Dia memastikan dokumen persyaratan sudah diajukan pada 2023 melalui aplikasi Amdalnet. Kini PT IMIP masih menunggu persetujuan dari KLH. Manajemen, menurut Dedy, sudah menjalani sidang Amdal dan tengah menunggu draft surat keputusan (SK).
Teknologi industri yang digunakan di kawasan IMIP juga diklaim sudah sesuai dengan upaya menekan emisi hasil aktivitas smelter . Dedy menyebut IMIP selalu memantau kualitas udara secara berkala dan real-time menggunakan dengan Continous Emision Monitoring System (CEMS). Ada juga pemantauan manual oleh laboratorium terakreditasi yang dilaporkan ke instansi berwenang.
"Pemantauan kualitas udara ini langsung termonitor oleh Direktorat Jenderal Pengendalian Pencemaran dan Kerusakan Lingkungan KLH, khususnya pada bagian Sistem Informasi Pemantauan Emisi Industri secara Terus Menerus (SISPEK)," tutur dia.
Saat ini, Dedy meneruskan, ada 58 titik di area IMP yang dipasangi CEMS. "Sisanya masih sedang dalam progres s pemasangan."

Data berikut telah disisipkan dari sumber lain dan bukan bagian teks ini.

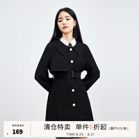 秋水伊人气质中长款风衣春秋新款复古百搭收腰高级感显瘦垂感英伦风外套 黑色 S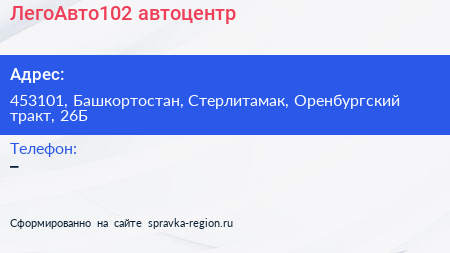 ЛегоАвто102, автоцентр по адресу 453101, Башкортостан, Стерлитамак, Оренбургский тракт, 26Б в дальнейшем Организация, размещена в следующих категориях: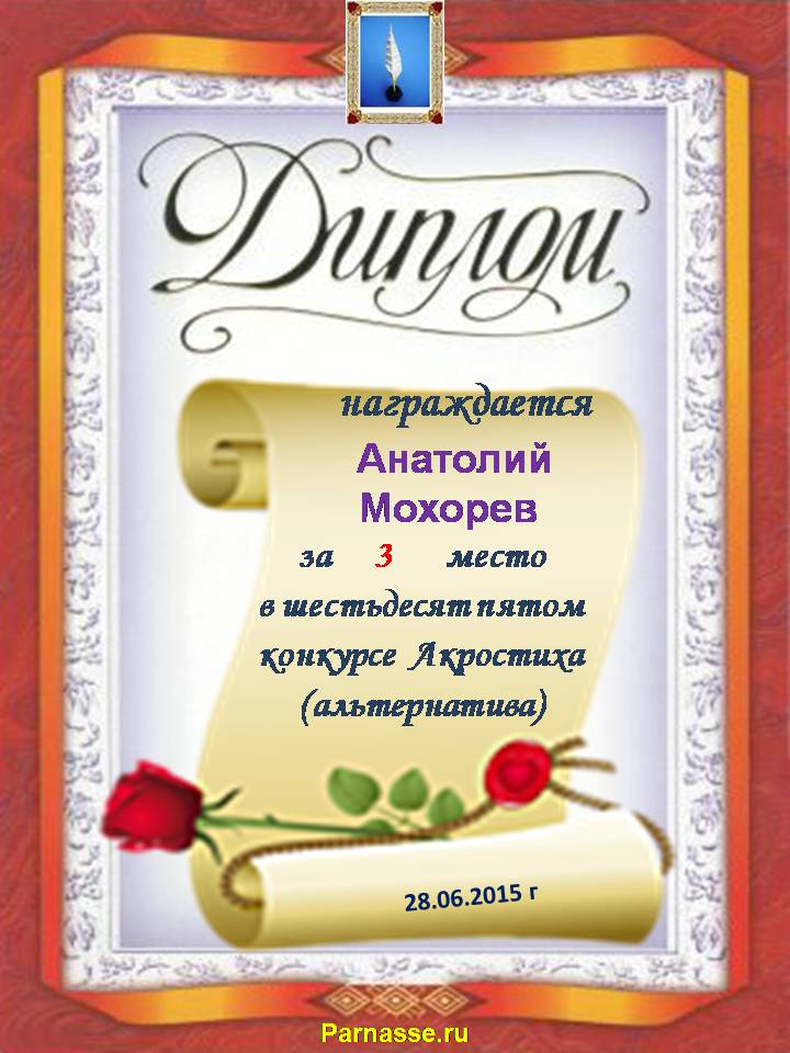 Диплом за 1 место в 103 конкурсе АКРОСТИХА (Альтернатива)! ПОЗДРАВЛЯЮ!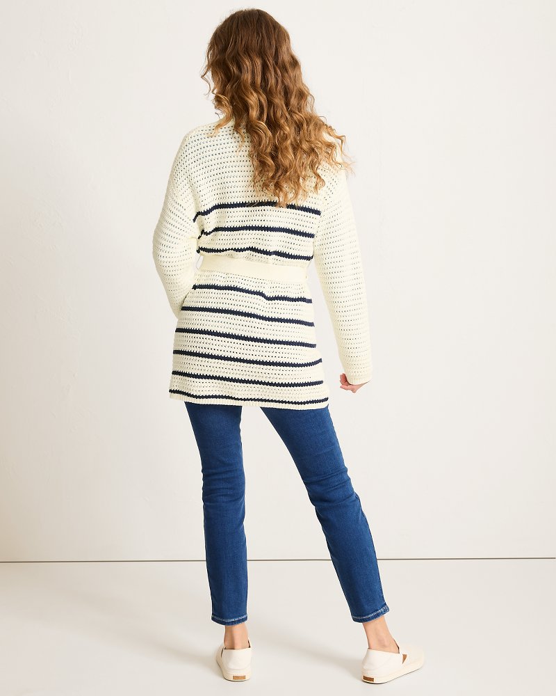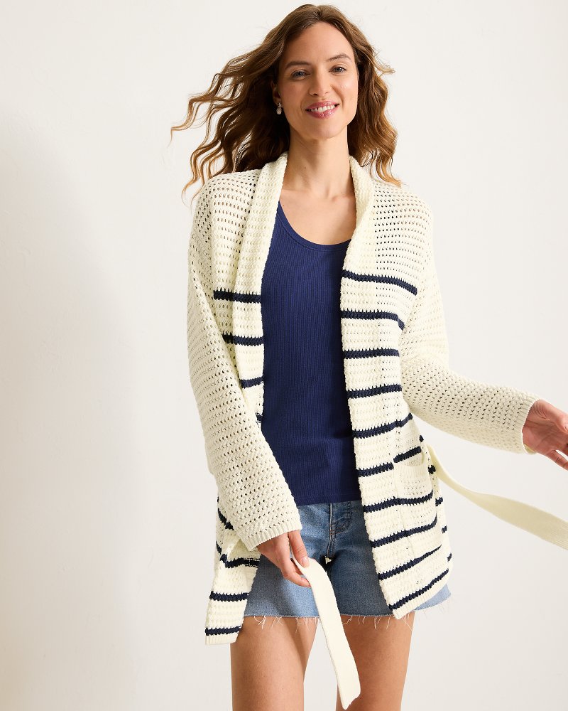 Delicate and warm, all at once, this crocheted cotton cardigan is an effortless layer for paradise, complete with a chic belt to cinch the waist and a chic stripe pattern for classic coastal appeal.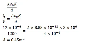 An air filled parallel-plate capacitor is to be constructed which can store $12 \mu \mathrm{C}$ of charge when operated at $1200 \mathrm{~V}$. What can be the minimum plate area of the capacitor? The dielectric strength of air $3 \times 10^{6} \mathrm{~V} / \mathrm{m}$.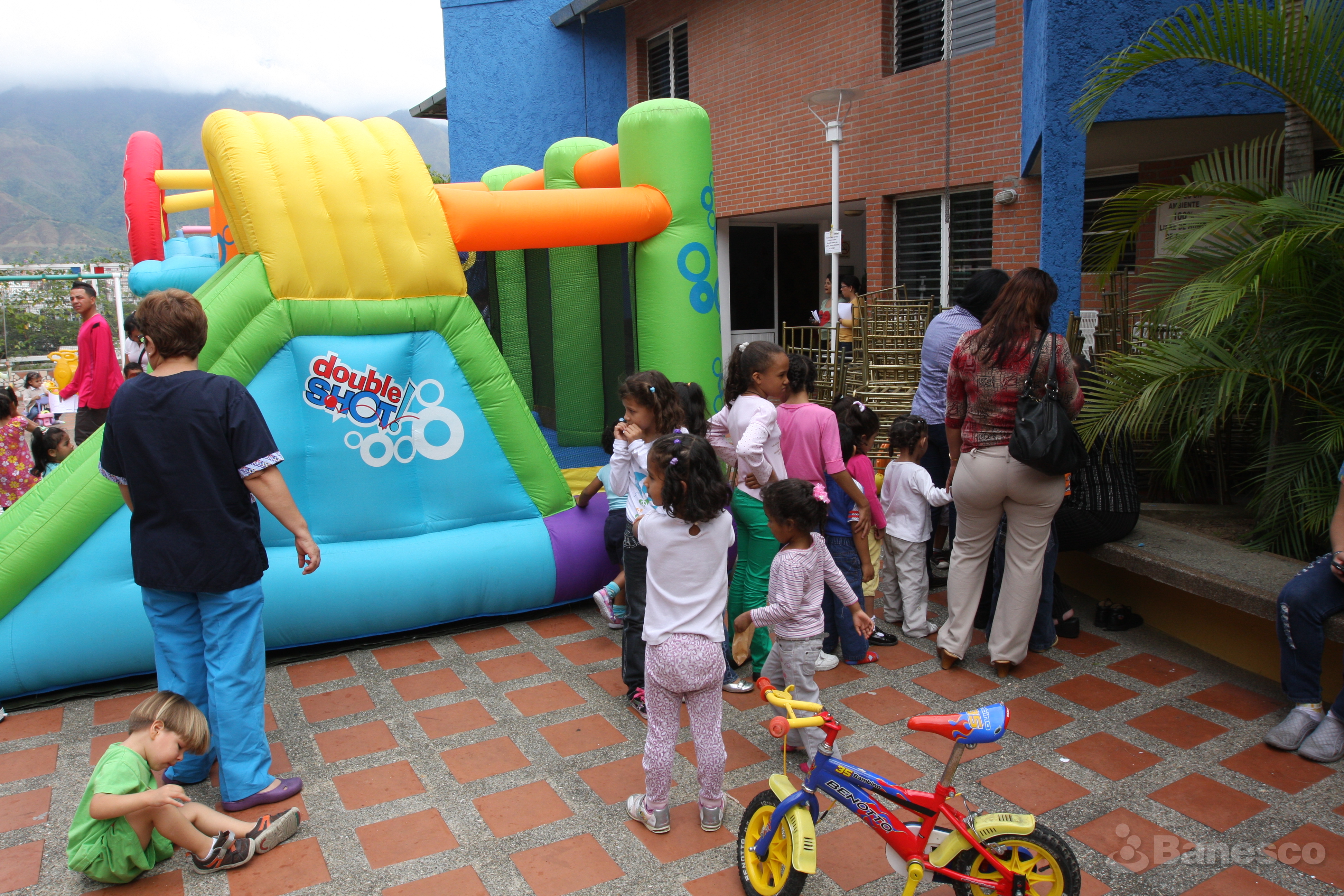 Niños en la espera para jugar en el colchón inflable durante la entrega de regalos en la Fundación Amigos del Niño (FUNDANA) para festejar la llegada de la navidad.

Klaim Dedy bertolak belakangan dengan sejumlah dugaan pelanggaran lingkungan IMPI yang belakangan dipaparkan oleh KLH. Menteri Lingkungan Hidup Hanif Faisol Nurofiq mengatakan pengawas mendapati bukaan lahan seluas 179 hektare yang berbatasan langsung dengan area IMIP. Beberapa fasilitas di lokasi juga tidak tercantum dalam dokumen Amdal.

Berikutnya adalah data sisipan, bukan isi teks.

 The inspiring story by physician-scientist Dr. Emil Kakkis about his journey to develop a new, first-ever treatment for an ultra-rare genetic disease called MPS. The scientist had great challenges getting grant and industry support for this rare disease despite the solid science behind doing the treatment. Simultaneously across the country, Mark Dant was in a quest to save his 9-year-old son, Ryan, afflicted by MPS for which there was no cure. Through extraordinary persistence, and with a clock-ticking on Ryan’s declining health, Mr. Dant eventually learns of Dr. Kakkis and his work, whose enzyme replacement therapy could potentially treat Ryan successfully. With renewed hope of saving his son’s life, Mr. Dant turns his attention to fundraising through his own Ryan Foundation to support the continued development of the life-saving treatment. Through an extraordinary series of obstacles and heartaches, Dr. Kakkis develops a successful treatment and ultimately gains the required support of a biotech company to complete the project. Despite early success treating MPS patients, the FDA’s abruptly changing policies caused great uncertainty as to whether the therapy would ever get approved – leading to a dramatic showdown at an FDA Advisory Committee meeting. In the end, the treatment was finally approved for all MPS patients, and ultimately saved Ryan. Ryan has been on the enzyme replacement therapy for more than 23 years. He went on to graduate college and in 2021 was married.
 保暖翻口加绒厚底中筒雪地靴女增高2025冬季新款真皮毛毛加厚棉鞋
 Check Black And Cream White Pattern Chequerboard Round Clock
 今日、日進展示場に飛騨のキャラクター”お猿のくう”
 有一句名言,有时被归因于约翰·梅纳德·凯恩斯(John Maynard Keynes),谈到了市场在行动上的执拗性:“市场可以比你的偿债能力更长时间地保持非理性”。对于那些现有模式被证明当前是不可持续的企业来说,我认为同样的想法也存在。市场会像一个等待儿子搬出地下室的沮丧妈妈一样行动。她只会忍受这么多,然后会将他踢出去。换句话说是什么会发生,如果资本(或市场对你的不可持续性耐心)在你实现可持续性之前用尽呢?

“PT IMIP harus menghentikan kegiatan yang belum dilingkup dalam persetujuan lingkungannya,” kata Menteri Hanif pada Rabu, 18 Juni lalu.
Tim KLH juga mengindikasi kualitas udara yang buruk di wilayah industri IMIP. Hasil pemantauan terhadap udara ambien menunjukan parameter TSP (dust) dan PM 10 melebihi baku mutu. Kondisi udara ini ditengarai akibat 24 sumber emisi pada tenant di IMIP tidak terpasangi CEMS. PT IMIP juga disebut tidak memiliki instalasi pengolahan air limbah (IPAL) komunal, sehingga air limbahnya mencemari lingkungan.
Hanif juga menyinggung soal operasional Tempat Pengolahan Sampah Terpadu (TPST) Bahomakmur yang belum memiliki persetujuan lingkungan. "Pengelolaan air lindi dari sampah juga tidak dilakukan dengan baik dan berpotensi mencemari lingkungan sekitar," katanya.
Merespons temuan KLH, Dedy menyebut PT IMIP berinvestasi dalam teknologi yang ramah lingkungan. Untuk target jangka panjang, kata dia, perusahaan sedang bertransisi ke sumber energi yang lebih ramah lingkungan. Ada proyek pembangkit listrik tenaga surya yang mulai berjalan, serta proyek pembangkit listrik tenaga mikro hidro yang kini masih dalam tahap penelitian.
Adapun IPAL komunal masih rumit dibangun di kawasan atau masing-masing smelter nikel IMIP karena kendala topografi. Manajemen IMPI mengakui IPAL komunal memang bisa mengolah limbah industri secara efisien dengan biaya yang lebih terjangkau.
Kendala soal pengembangan IPAL, kata Dedy, sudah dikonsultasikan kepada KLH. "Hasilnya, berdasarkan berita acara nomor 182/KLHIMIP/BA/MWL/VI/2023, tertuang bahwa kawasan IMIP boleh memiliki IPAL komunal klaster," katanya. Artinya, kata dia, para penyewa atau tenant mengelola IPAL secara mandiri, kemudian disalurkan ke kanal yang dikelola oleh IMIP.